TASK INSTRUCTIONS:
Could you write out the listing below exactly as it stands, leaving out the pictures?

EXERCISE DATA:
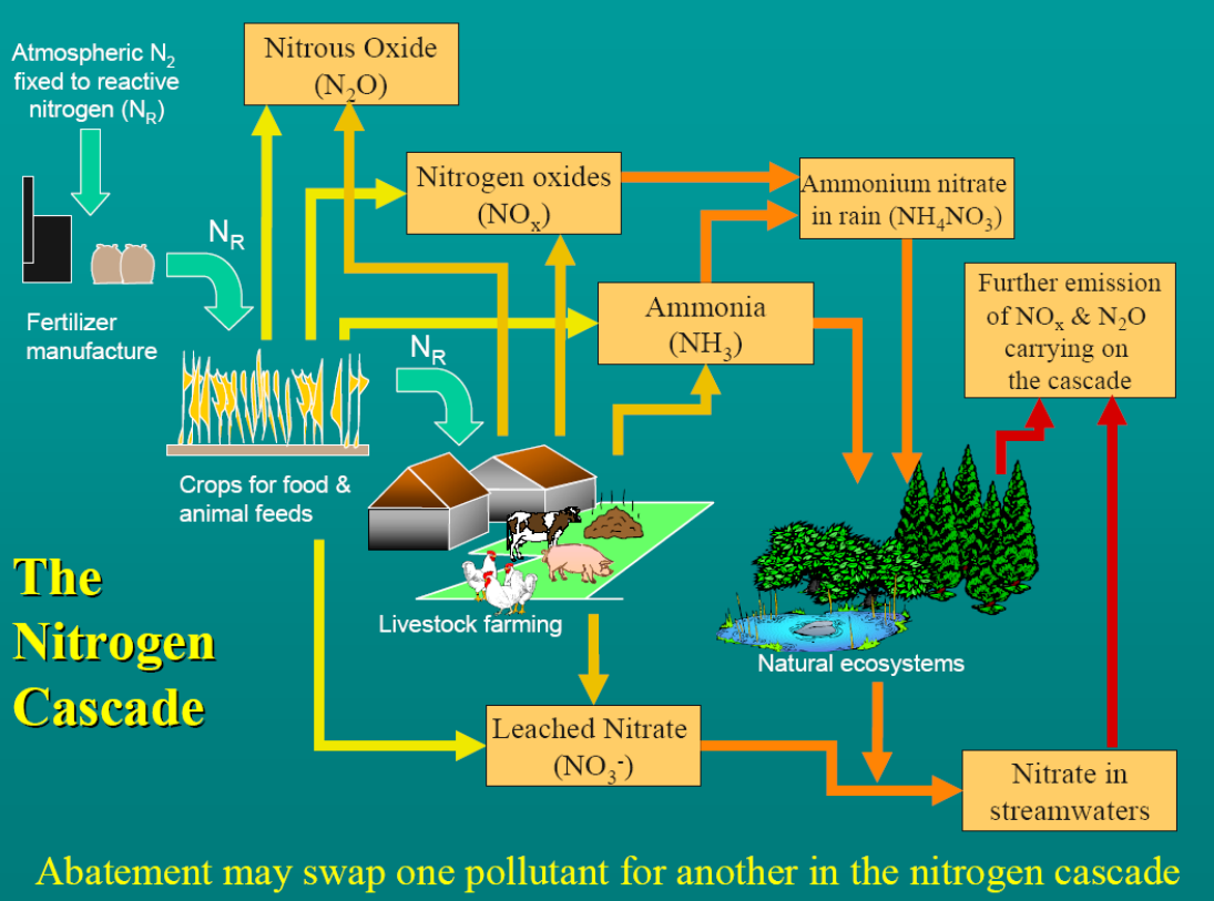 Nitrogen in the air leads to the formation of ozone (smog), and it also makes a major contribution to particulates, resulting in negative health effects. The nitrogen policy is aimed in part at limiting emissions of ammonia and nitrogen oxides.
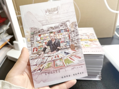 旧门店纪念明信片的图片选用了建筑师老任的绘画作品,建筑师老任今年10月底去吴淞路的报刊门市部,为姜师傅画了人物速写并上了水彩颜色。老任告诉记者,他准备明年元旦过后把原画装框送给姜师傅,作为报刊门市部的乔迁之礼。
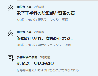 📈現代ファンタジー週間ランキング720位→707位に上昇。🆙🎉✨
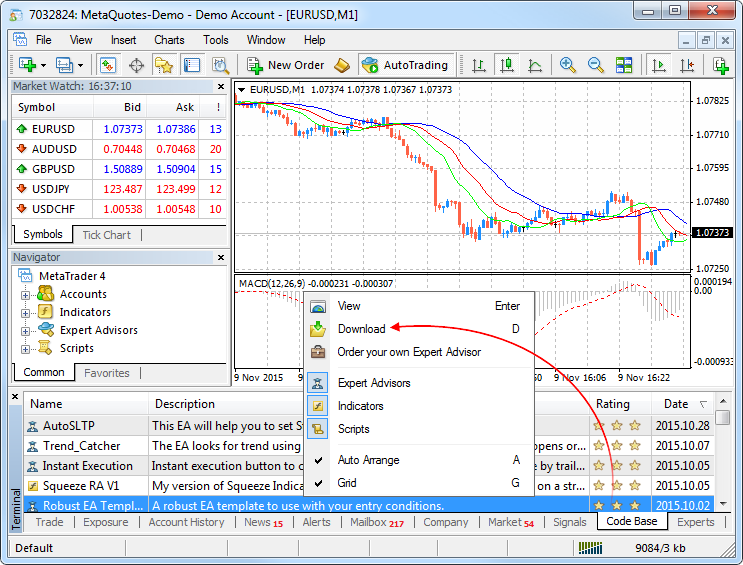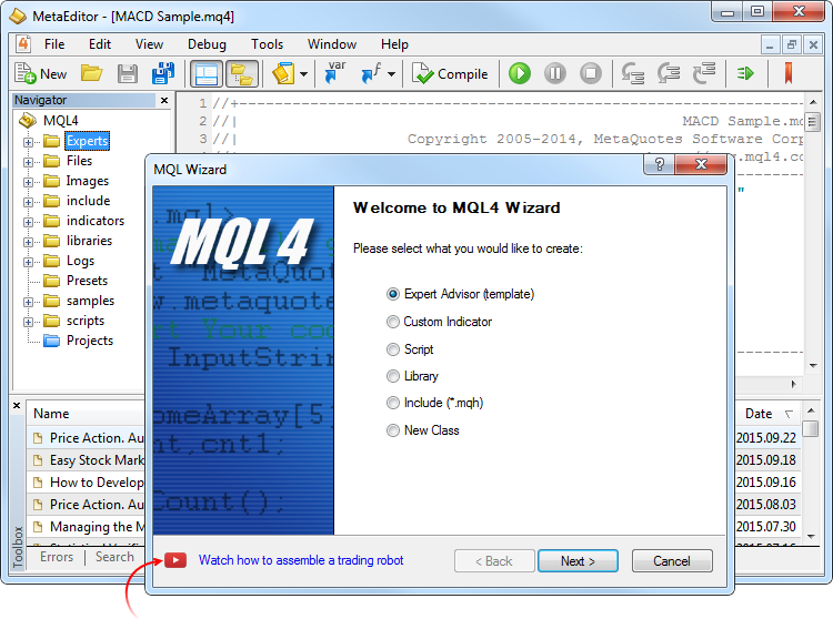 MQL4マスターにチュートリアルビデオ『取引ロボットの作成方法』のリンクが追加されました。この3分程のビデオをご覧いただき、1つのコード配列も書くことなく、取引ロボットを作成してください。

TASK SOLUTION:
 Nitrogen in the air leads to the formation of ozone (smog), and it also makes a major contribution to particulates, resulting in negative health effects. The nitrogen policy is aimed in part at limiting emissions of ammonia and nitrogen oxides.
 旧门店纪念明信片的图片选用了建筑师老任的绘画作品,建筑师老任今年10月底去吴淞路的报刊门市部,为姜师傅画了人物速写并上了水彩颜色。老任告诉记者,他准备明年元旦过后把原画装框送给姜师傅,作为报刊门市部的乔迁之礼。
 📈現代ファンタジー週間ランキング720位→707位に上昇。🆙🎉✨
 MQL4マスターにチュートリアルビデオ『取引ロボットの作成方法』のリンクが追加されました。この3分程のビデオをご覧いただき、1つのコード配列も書くことなく、取引ロボットを作成してください。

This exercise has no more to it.